Input data
* * *

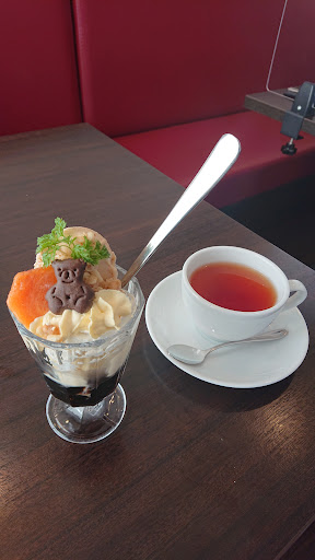 そして、パフェ…。 見た目も可愛らしく、とにかく美味しい♥ ほろ苦コーヒーゼリーの上に、苺のアイス。 相性ピッタリ🍓 甘いモノはあまり得意じゃない私も、最後まで美味しく頂きました✨
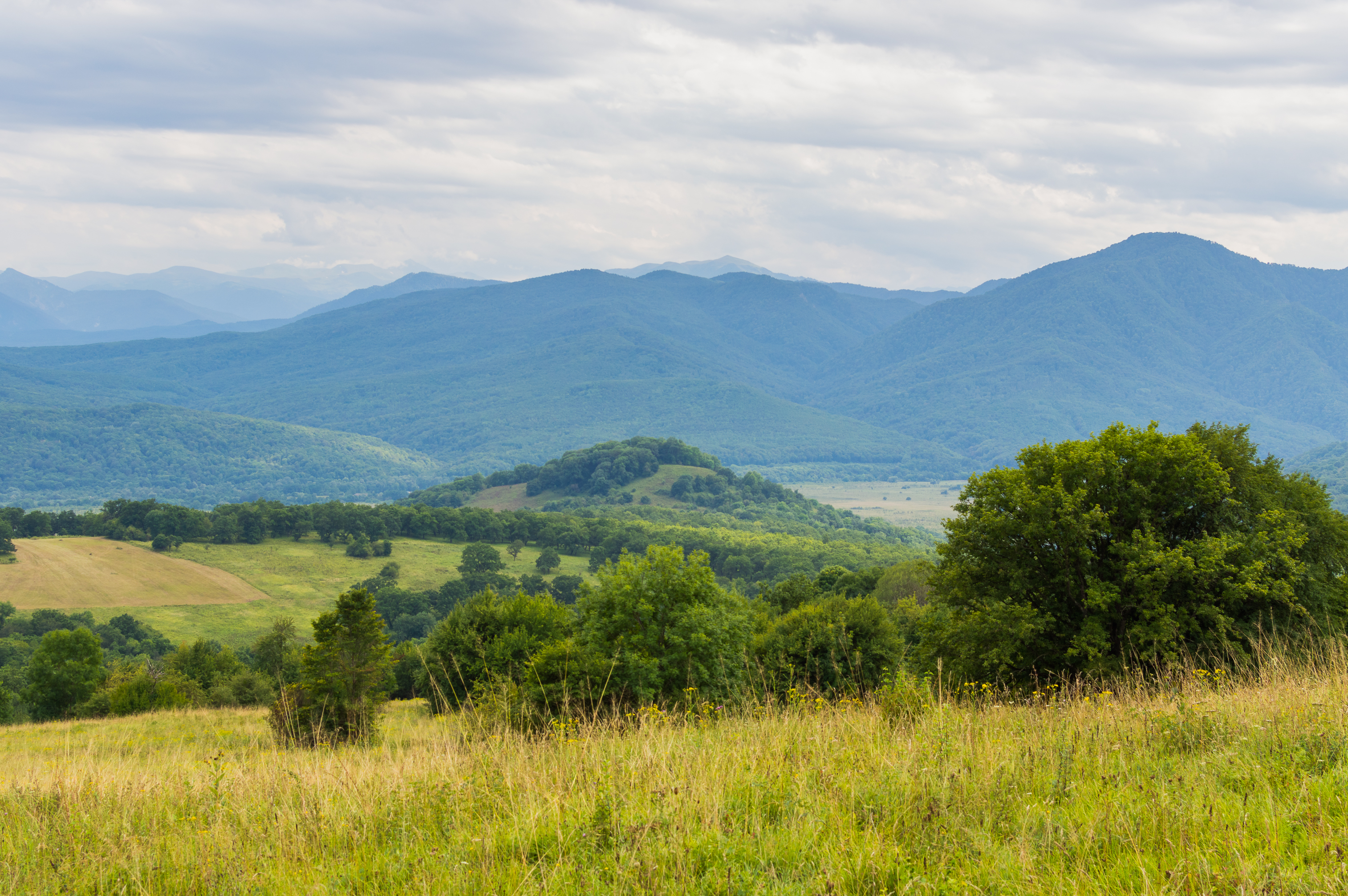 Передний план снимка украшен высокой, слегка выгоревшей на солнце травой, которая создает ощущение летнего луга. Среди травы виднеются редкие полевые цветы, добавляющие яркие акценты в общую картину. По мере удаления взгляд скользит по склонам, покрытым густыми лесами, чья зелень кажется особенно насыщенной.
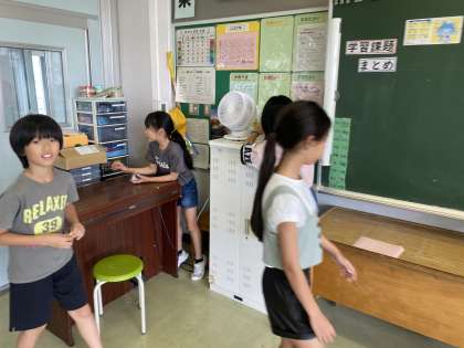 5年生 1学期おつかれさま集会(その3) 公開日 2024/07/23 更新日 2024/07/23 5年生 2番目は「宝さがしゲーム」でした。係の人が教室内に隠した宝物を、みんなで探しました。時間はかかりましたが、全員が無事に宝を見つけることができました。

* * *

Work instructions
Write out exactly the lines from the line containing "Передний план снимка" through the last line of the listing above, please, and leave out any pictures.

Answer for the task
 Передний план снимка украшен высокой, слегка выгоревшей на солнце травой, которая создает ощущение летнего луга. Среди травы виднеются редкие полевые цветы, добавляющие яркие акценты в общую картину. По мере удаления взгляд скользит по склонам, покрытым густыми лесами, чья зелень кажется особенно насыщенной.
 5年生 1学期おつかれさま集会(その3) 公開日 2024/07/23 更新日 2024/07/23 5年生 2番目は「宝さがしゲーム」でした。係の人が教室内に隠した宝物を、みんなで探しました。時間はかかりましたが、全員が無事に宝を見つけることができました。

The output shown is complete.